There is, after all, Safety in Numbers. Find your people. Find your community. Find your support. You won’t regret it.
Key facts about Deafness and hearing loss as of March 1st, 2020…
- Around 466 million people worldwide have disabling hearing loss, and 34 million of these are children.
- It is estimated that by 2050 over 900 million people will have disabling hearing loss.
- Hearing loss may result from genetic causes, complications at birth, certain infectious diseases, chronic ear infections, the use of particular drugs, exposure to excessive noise, and ageing.
- 60% of childhood hearing loss is due to preventable causes.
- 1.1 billion young people (aged between 12–35 years) are at risk of hearing loss due to exposure to noise in recreational settings.
- Unaddressed hearing loss poses an annual global cost of US$ 750 billion. Interventions to prevent, identify and address hearing loss are cost-effective and can bring great benefit to individuals.
- People with hearing loss benefit from early identification; use of hearing aids, cochlear implants and other assistive devices; captioning and sign language; and other forms of educational and social support.

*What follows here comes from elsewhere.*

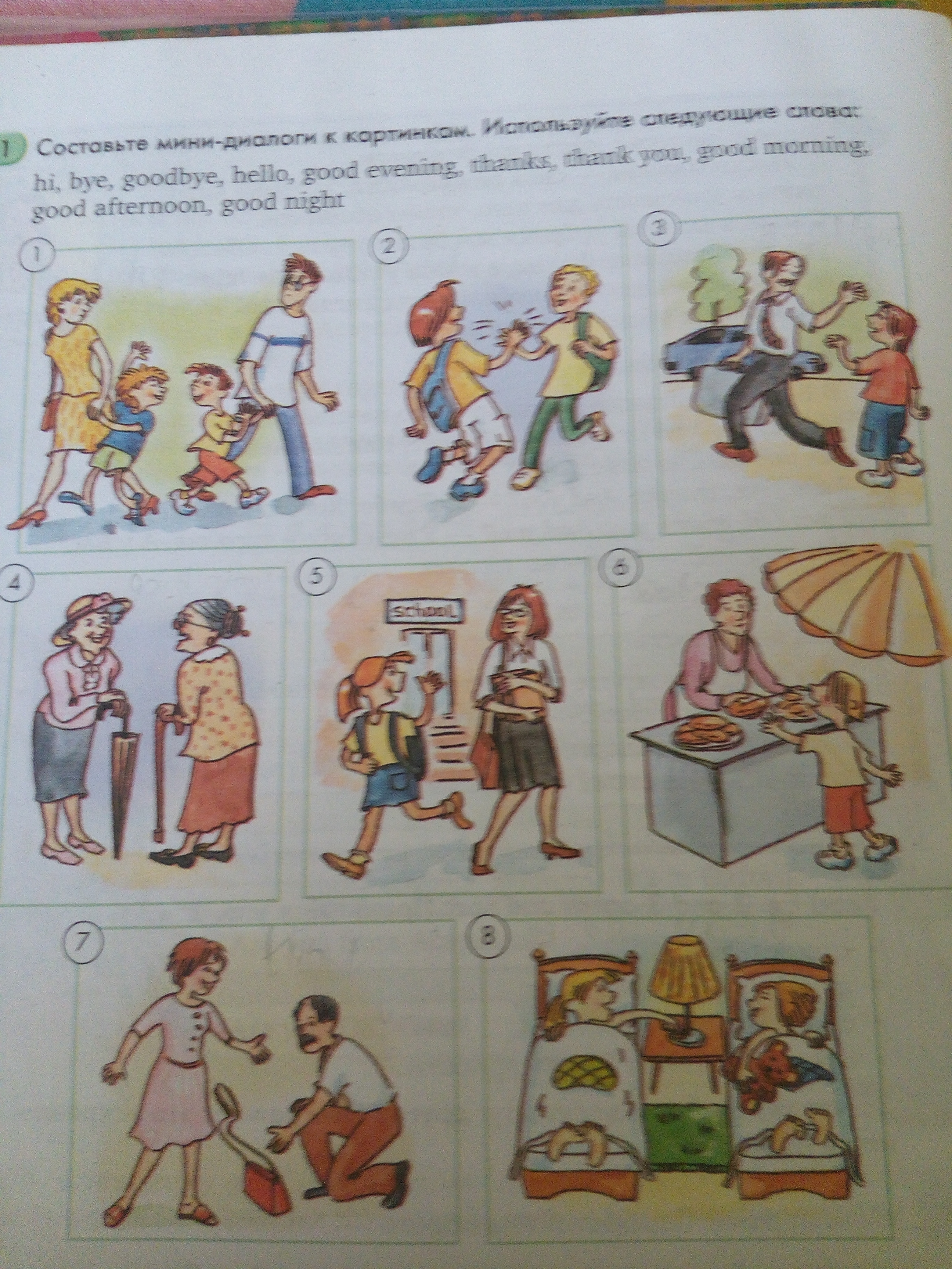 1. goodbay 2. Hi 3. good morning 4. Hello 5. good eving 6. bye 7. Thank you 8. good night

- Current estimates suggest an 83% gap in hearing aid need and use, i.e., only 17% of those who could benefit from use of a hearing aid actually use one.
The impact of hearing loss?
- Functional Impact –
One of the main impacts of hearing loss is on the individual’s ability to communicate with others. Spoken language development is often delayed in children with unaddressed hearing loss.

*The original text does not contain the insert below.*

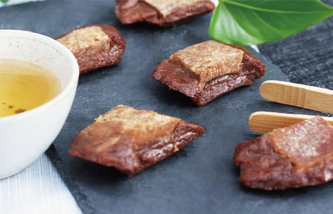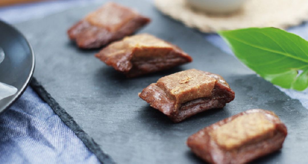 肉干的制作也不能含糊,毕竟这块肉是肉豆干的精妙所在。为了做好这块肉干,精选上好的闽西土猪,取其后腿肉,因为那里筋少肉多,且肥肉少瘦肉厚,吃起来不费劲,小孩子长牙齿也能嚼得动,最适合拿来搭配肉豆干了。选好了肉,切块,然后加入香辛料焖卤,最后和卤制过的豆干夹在一起,一块能勾起无数馋虫、让人口水直流的肉豆干就完成了。

Unaddressed hearing loss and ear diseases such as otitis media can have a significantly adverse effect on the academic performance of children. They often have increased rates of grade failure and greater need for education assistance. Access to suitable accommodations is important for optimal learning experiences but are not always available.
- Social and Emotional Impact – Exclusion from communication can have a significant impact on everyday life, causing feelings of loneliness, isolation, and frustration, particularly among older people with hearing loss.
- Economic Impact –
WHO estimates that unaddressed hearing loss poses an annual global cost of US$ 750 billion. This includes health sector costs (excluding the cost of hearing devices), costs of educational support, loss of productivity, and societal costs.
In developing countries, children with hearing loss and deafness rarely receive any schooling. Adults with hearing loss also have a much higher unemployment rate. Among those who are employed, a higher percentage of people with hearing loss are in the lower grades of employment compared with the general workforce.
Improving access to education and vocational rehabilitation services, and raising awareness especially among employers about the needs of people with hearing loss, will decrease unemployment rates for people with hearing loss.
For me, the social and emotional impact of having a hearing loss is huge. Please take care of yourself.